*Your task*.
Every line below needs to be printed again exactly, without any of its pictures.

*Data block*.
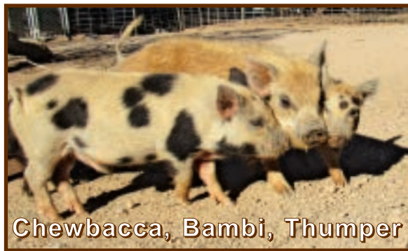
Chewbacca, Bambi, Thumper

also did great with the surgeries and had quick recoveries. The
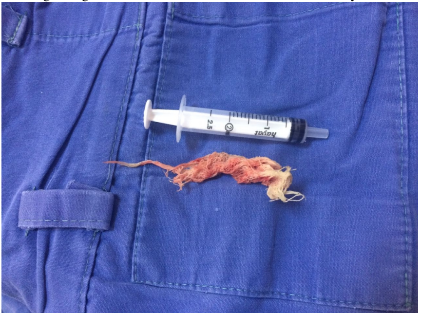
Figure 2 A piece of 4 cm long gauze removed from the airway passage.

*Result for this task*.
Chewbacca, Bambi, Thumper

also did great with the surgeries and had quick recoveries. The
Figure 2 A piece of 4 cm long gauze removed from the airway passage.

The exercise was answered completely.